Task requirements. For this exercise, restate word for word only the lines from the first line of the data to the line containing "This photo is".

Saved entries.
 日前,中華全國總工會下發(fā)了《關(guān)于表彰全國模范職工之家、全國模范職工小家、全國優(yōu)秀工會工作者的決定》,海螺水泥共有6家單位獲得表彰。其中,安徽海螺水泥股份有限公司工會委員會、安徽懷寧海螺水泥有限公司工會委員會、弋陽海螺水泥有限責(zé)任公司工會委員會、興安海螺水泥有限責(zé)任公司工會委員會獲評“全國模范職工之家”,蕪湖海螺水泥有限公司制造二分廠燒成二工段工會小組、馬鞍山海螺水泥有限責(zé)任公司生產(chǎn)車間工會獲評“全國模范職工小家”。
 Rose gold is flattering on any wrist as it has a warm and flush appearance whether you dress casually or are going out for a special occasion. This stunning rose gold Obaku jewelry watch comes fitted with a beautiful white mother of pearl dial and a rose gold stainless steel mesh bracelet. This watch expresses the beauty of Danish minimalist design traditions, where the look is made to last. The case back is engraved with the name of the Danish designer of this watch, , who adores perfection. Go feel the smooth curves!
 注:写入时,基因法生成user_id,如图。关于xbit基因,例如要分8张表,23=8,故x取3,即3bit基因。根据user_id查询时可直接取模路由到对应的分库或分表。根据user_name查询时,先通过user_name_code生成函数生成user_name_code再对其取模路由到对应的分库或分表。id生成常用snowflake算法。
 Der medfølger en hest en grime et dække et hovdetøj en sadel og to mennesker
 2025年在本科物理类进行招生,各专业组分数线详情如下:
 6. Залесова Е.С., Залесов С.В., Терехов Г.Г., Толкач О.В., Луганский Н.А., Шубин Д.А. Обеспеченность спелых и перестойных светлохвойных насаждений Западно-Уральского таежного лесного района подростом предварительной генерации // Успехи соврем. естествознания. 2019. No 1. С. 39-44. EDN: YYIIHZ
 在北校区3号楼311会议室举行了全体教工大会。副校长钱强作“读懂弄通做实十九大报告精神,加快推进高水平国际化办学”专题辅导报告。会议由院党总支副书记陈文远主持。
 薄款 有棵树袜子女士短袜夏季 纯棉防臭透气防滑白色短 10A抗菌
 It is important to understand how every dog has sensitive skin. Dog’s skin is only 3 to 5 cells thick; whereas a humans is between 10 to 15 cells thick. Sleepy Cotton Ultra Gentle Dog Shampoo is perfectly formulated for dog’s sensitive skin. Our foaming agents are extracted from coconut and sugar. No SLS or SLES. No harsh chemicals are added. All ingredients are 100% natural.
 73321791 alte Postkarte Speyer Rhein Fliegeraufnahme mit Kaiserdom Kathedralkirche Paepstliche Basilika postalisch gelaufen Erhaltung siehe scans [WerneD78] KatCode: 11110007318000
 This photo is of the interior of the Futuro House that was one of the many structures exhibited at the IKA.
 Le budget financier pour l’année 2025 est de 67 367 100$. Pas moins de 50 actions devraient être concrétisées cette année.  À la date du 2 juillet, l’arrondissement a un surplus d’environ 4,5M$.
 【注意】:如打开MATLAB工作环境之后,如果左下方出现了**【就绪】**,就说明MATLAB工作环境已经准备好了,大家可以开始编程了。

Solution to this task.
 日前,中華全國總工會下發(fā)了《關(guān)于表彰全國模范職工之家、全國模范職工小家、全國優(yōu)秀工會工作者的決定》,海螺水泥共有6家單位獲得表彰。其中,安徽海螺水泥股份有限公司工會委員會、安徽懷寧海螺水泥有限公司工會委員會、弋陽海螺水泥有限責(zé)任公司工會委員會、興安海螺水泥有限責(zé)任公司工會委員會獲評“全國模范職工之家”,蕪湖海螺水泥有限公司制造二分廠燒成二工段工會小組、馬鞍山海螺水泥有限責(zé)任公司生產(chǎn)車間工會獲評“全國模范職工小家”。
 Rose gold is flattering on any wrist as it has a warm and flush appearance whether you dress casually or are going out for a special occasion. This stunning rose gold Obaku jewelry watch comes fitted with a beautiful white mother of pearl dial and a rose gold stainless steel mesh bracelet. This watch expresses the beauty of Danish minimalist design traditions, where the look is made to last. The case back is engraved with the name of the Danish designer of this watch, , who adores perfection. Go feel the smooth curves!
 注:写入时,基因法生成user_id,如图。关于xbit基因,例如要分8张表,23=8,故x取3,即3bit基因。根据user_id查询时可直接取模路由到对应的分库或分表。根据user_name查询时,先通过user_name_code生成函数生成user_name_code再对其取模路由到对应的分库或分表。id生成常用snowflake算法。
 Der medfølger en hest en grime et dække et hovdetøj en sadel og to mennesker
 2025年在本科物理类进行招生,各专业组分数线详情如下:
 6. Залесова Е.С., Залесов С.В., Терехов Г.Г., Толкач О.В., Луганский Н.А., Шубин Д.А. Обеспеченность спелых и перестойных светлохвойных насаждений Западно-Уральского таежного лесного района подростом предварительной генерации // Успехи соврем. естествознания. 2019. No 1. С. 39-44. EDN: YYIIHZ
 在北校区3号楼311会议室举行了全体教工大会。副校长钱强作“读懂弄通做实十九大报告精神,加快推进高水平国际化办学”专题辅导报告。会议由院党总支副书记陈文远主持。
 薄款 有棵树袜子女士短袜夏季 纯棉防臭透气防滑白色短 10A抗菌
 It is important to understand how every dog has sensitive skin. Dog’s skin is only 3 to 5 cells thick; whereas a humans is between 10 to 15 cells thick. Sleepy Cotton Ultra Gentle Dog Shampoo is perfectly formulated for dog’s sensitive skin. Our foaming agents are extracted from coconut and sugar. No SLS or SLES. No harsh chemicals are added. All ingredients are 100% natural.
 73321791 alte Postkarte Speyer Rhein Fliegeraufnahme mit Kaiserdom Kathedralkirche Paepstliche Basilika postalisch gelaufen Erhaltung siehe scans [WerneD78] KatCode: 11110007318000
 This photo is of the interior of the Futuro House that was one of the many structures exhibited at the IKA.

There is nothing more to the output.